### TASK PROMPT
Look through the entries below and copy exactly the part that begins with the line containing "Reroduction of Louis" and ends with the line containing "James A. Garfield". Do not copy the pictures.

====== SUPPLIED MATERIAL ======

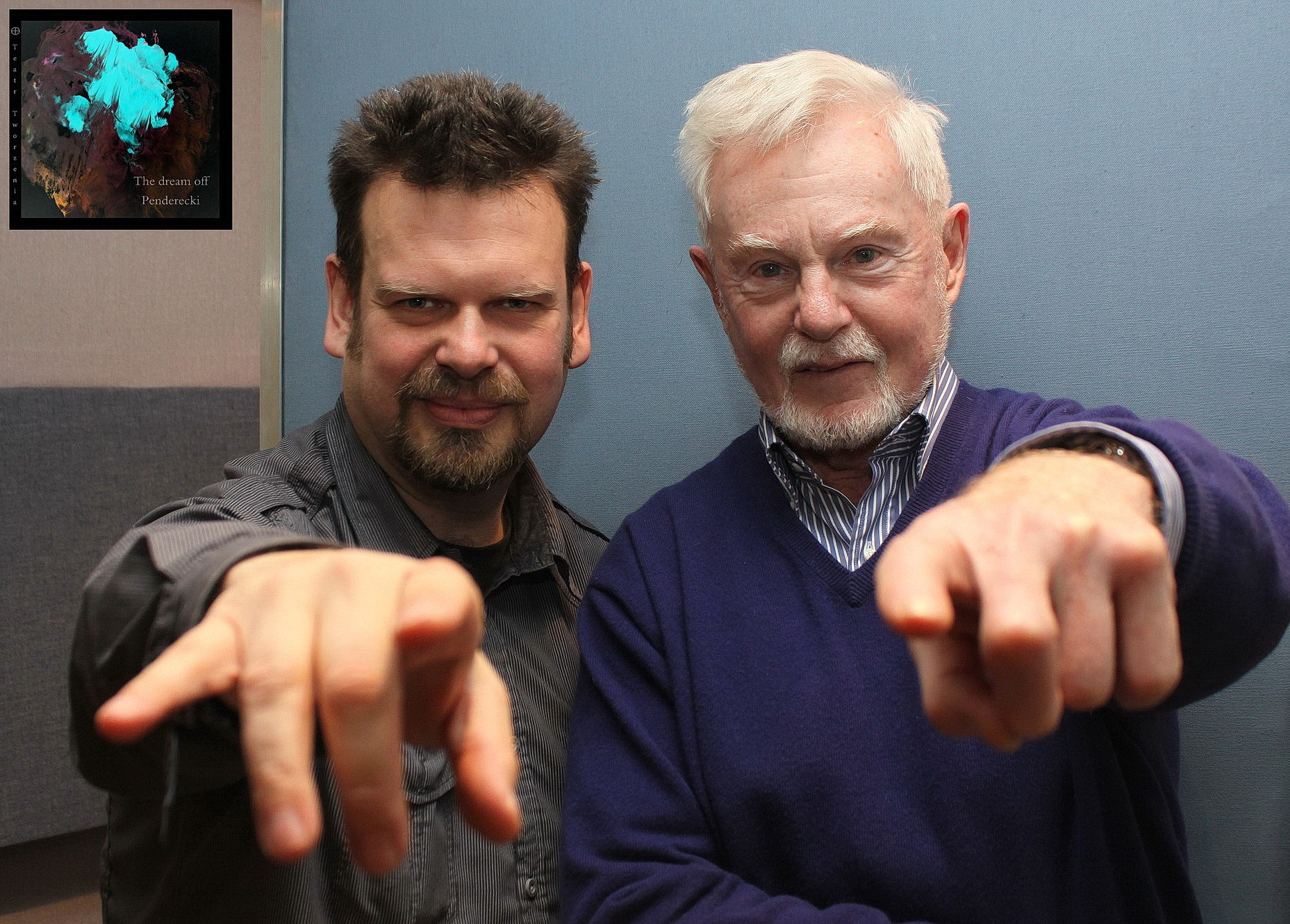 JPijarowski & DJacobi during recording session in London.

======
====== SUPPLIED MATERIAL ======

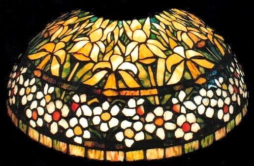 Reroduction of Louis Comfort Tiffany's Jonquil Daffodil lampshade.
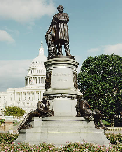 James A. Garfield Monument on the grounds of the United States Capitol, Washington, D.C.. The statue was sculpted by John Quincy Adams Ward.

======
====== SUPPLIED MATERIAL ======

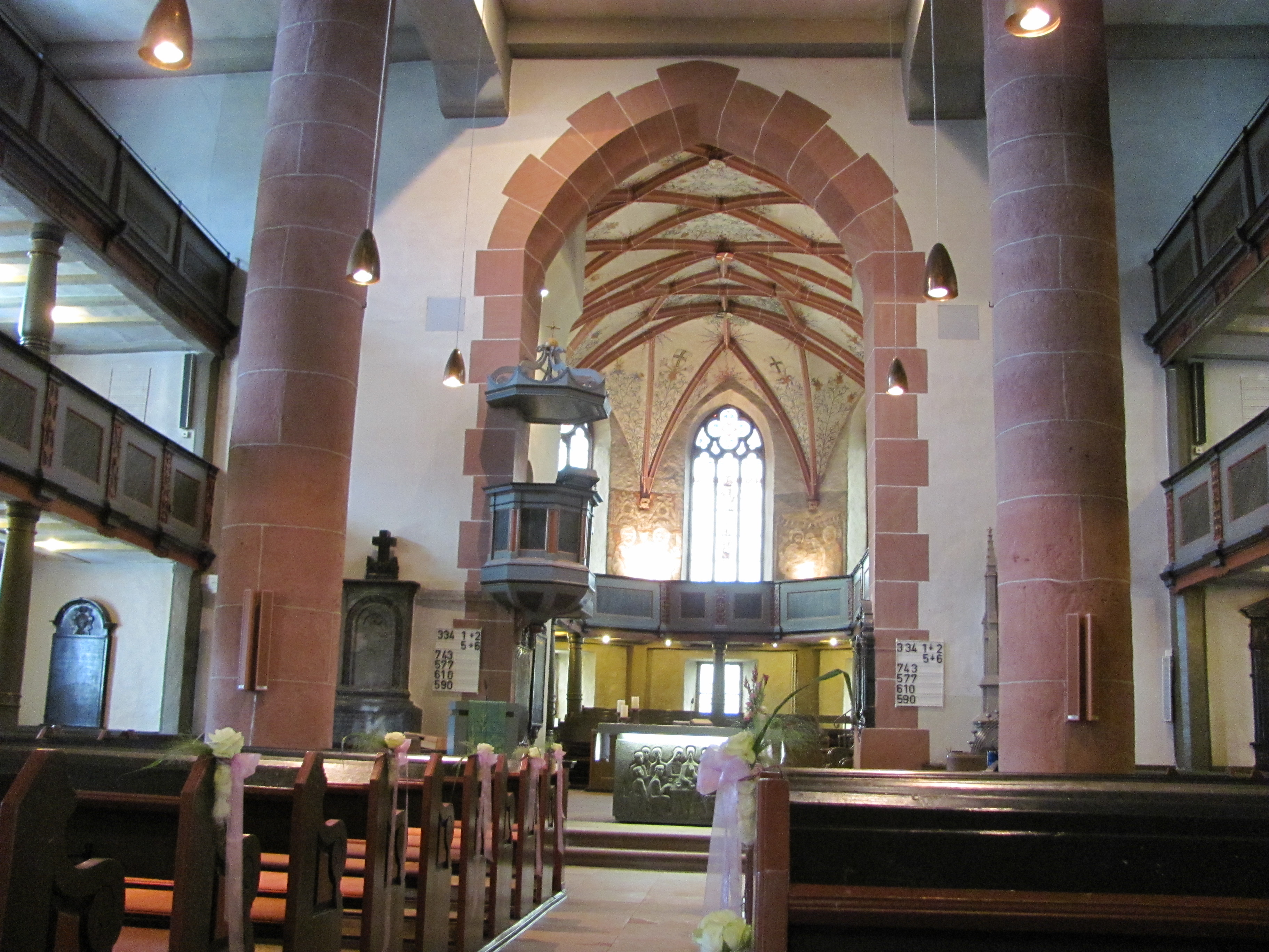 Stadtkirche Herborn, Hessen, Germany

======

### SOLUTION FOR THIS TASK
 Reroduction of Louis Comfort Tiffany's Jonquil Daffodil lampshade.
 James A. Garfield Monument on the grounds of the United States Capitol, Washington, D.C.. The statue was sculpted by John Quincy Adams Ward.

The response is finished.